Furthermore, the President announced that a new crop of young men and women and the National Sanitation Brigade will ensure enforcement of rules and regulations on sanitation—be it at state establishments, private establishments or households.

It must be said that the Akufo-Addo-led administration’s initiative on making our environs clean on daily basis is laudable, especially when waste continues to take the shine out of our immediate surroundings— houses, markets, lorry stations, offices and many more.

The question Today wants to ask is: where are we going with all these sanitation campaigns? What is it that we are not getting it right that we are unable to tackle heaps of garbage that continue to engulf our cities, towns and communities.

For us at Today, the bottom line is the enforcement of our sanitation by-laws. Failure to do that will see us not making headway in our quest to address waste in the country.

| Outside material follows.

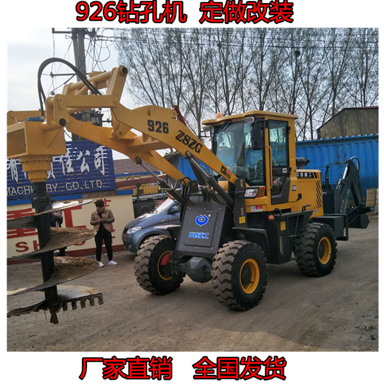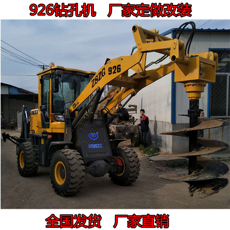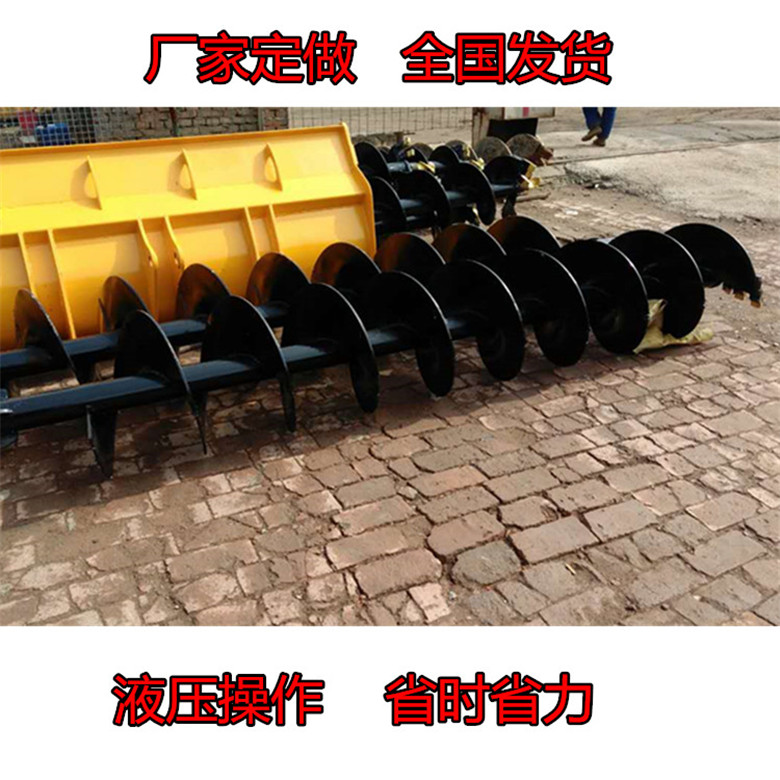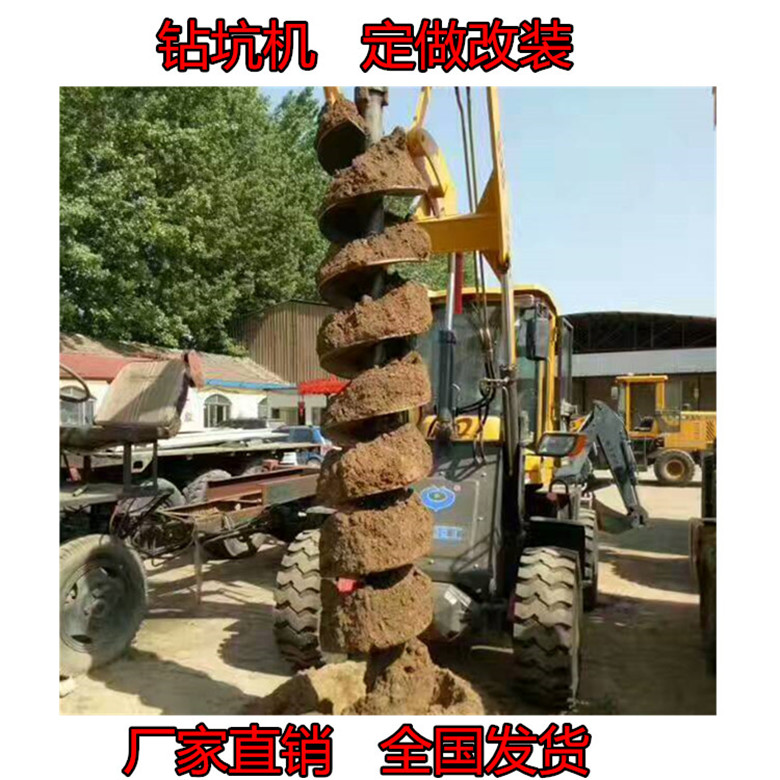 操作方面还至少需要2个人完成,一个人操作机器,一个人完成清土工作。本机采用50或65拖拉机,马力大,动力充沛。钻孔无需清土,一个人即可完成工作,钻到深度后,可靠两条油缸将钻杆提起,土都附着在螺旋叶片上,很少有回落。提起后只需将钻杆正反转动记下土就会自然落下。挖掘机打孔机 挖掘机改钻孔机装打孔机可以实现单人操作,车到孔成,随钻随走。大大提高工作效率。钻孔机|钻树坑装载机全国发货青海

In fact, one may ask the question: why we succeeded with ‘Sama Sama’ concept? It was basically because sanitation workers were on a daily basis visiting households and making sure that Ghanaians kept their environs clean. And those citizens who flouted any of the sanitation by-laws were either slapped with huge fines or summoned to face the full rigours of the law in a law court.

The ‘Sama Sama’ culture indeed injected some sense of discipline into Ghanaians where people became mindful of the need to always keep their environs clean. We see some semblances with this new campaign.

What we need to do to ensure that we achieve the desired results is to apply the laws strictly on anybody who violates any of the sanitation by-laws. That way, we will all act responsibly towards the environment and not litter about anyhow or throw solid waste into the drains and gutters.

It is in this vein that Today agrees with the President that all hands must be on deck to make the “Everyday is sanitation day,” campaign succeed.